§ Exercise requirements: Return the full listing word for word, but drop every picture from it.

§ Data block:
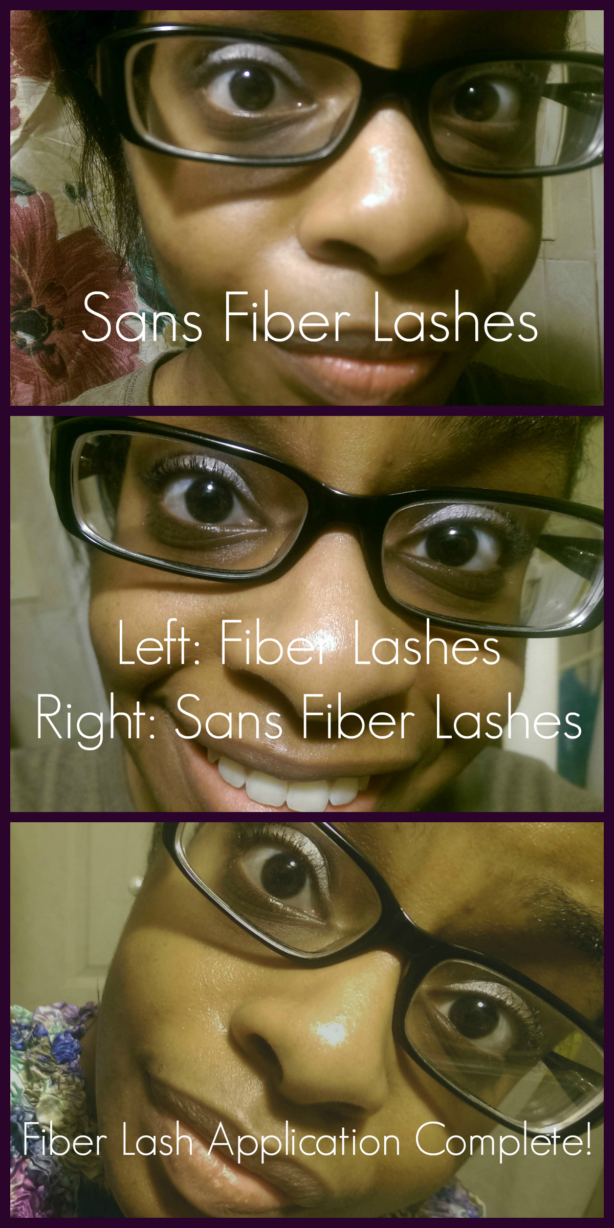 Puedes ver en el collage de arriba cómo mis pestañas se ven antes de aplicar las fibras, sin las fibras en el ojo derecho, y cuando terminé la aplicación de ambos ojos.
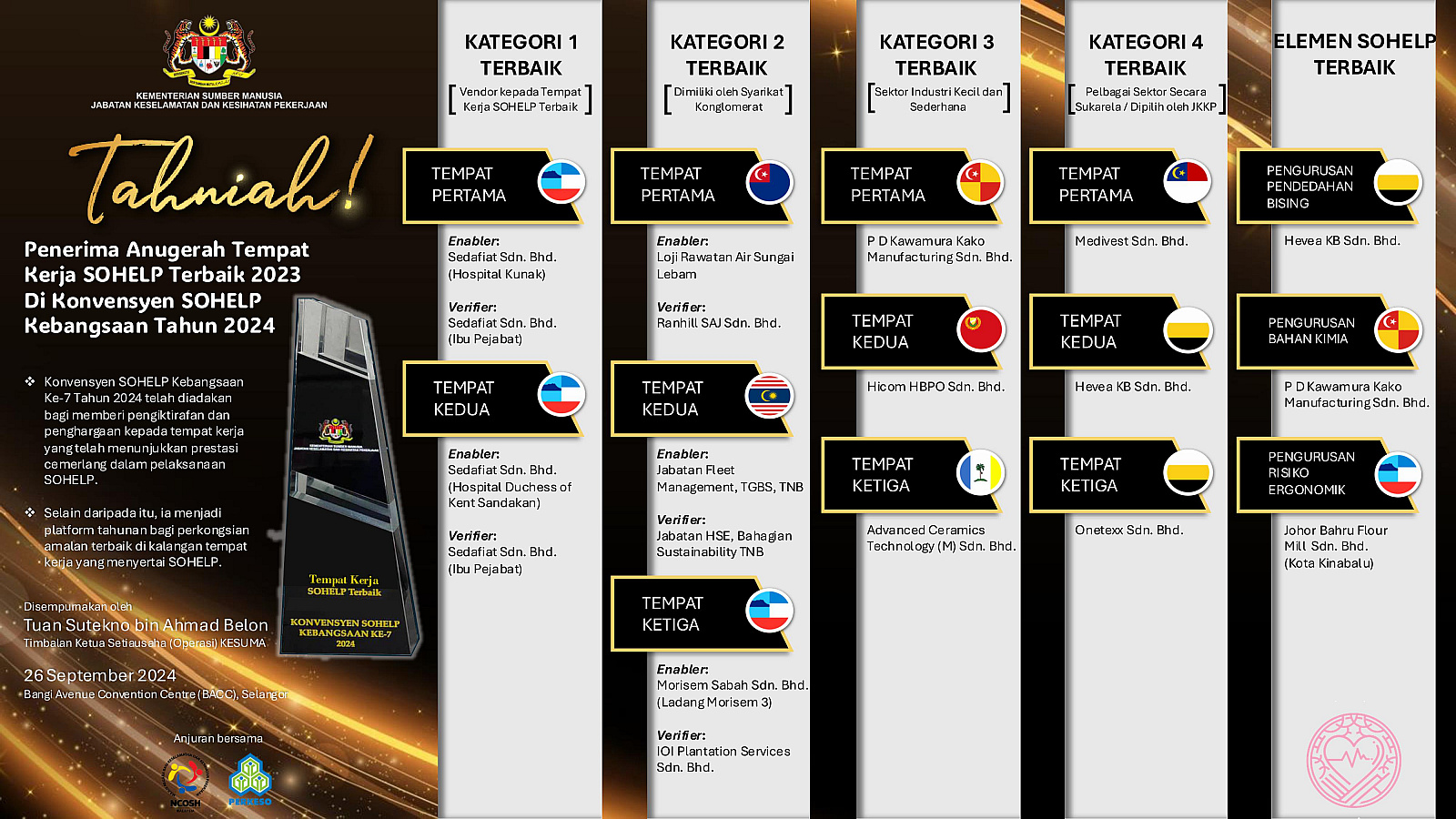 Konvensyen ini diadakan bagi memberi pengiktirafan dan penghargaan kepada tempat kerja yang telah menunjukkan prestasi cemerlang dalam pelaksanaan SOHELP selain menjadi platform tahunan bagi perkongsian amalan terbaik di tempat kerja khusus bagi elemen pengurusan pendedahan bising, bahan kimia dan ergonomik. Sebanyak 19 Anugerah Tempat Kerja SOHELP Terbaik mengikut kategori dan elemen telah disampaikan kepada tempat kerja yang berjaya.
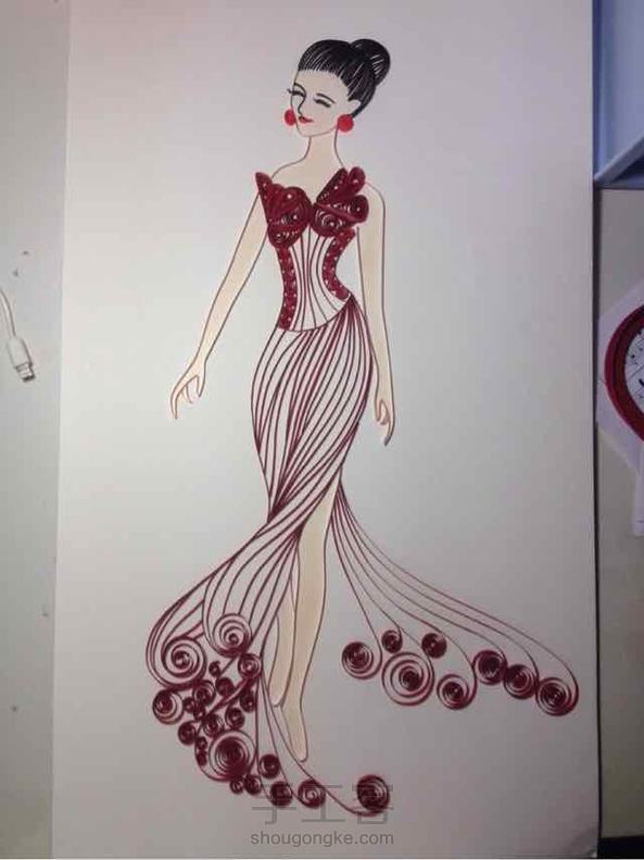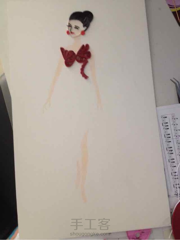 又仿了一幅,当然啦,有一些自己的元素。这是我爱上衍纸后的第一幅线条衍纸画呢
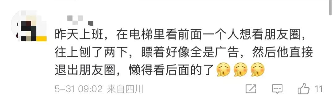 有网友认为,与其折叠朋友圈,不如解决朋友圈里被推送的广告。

§ Exercise solution:
 Puedes ver en el collage de arriba cómo mis pestañas se ven antes de aplicar las fibras, sin las fibras en el ojo derecho, y cuando terminé la aplicación de ambos ojos.
 Konvensyen ini diadakan bagi memberi pengiktirafan dan penghargaan kepada tempat kerja yang telah menunjukkan prestasi cemerlang dalam pelaksanaan SOHELP selain menjadi platform tahunan bagi perkongsian amalan terbaik di tempat kerja khusus bagi elemen pengurusan pendedahan bising, bahan kimia dan ergonomik. Sebanyak 19 Anugerah Tempat Kerja SOHELP Terbaik mengikut kategori dan elemen telah disampaikan kepada tempat kerja yang berjaya.
 又仿了一幅,当然啦,有一些自己的元素。这是我爱上衍纸后的第一幅线条衍纸画呢
 有网友认为,与其折叠朋友圈,不如解决朋友圈里被推送的广告。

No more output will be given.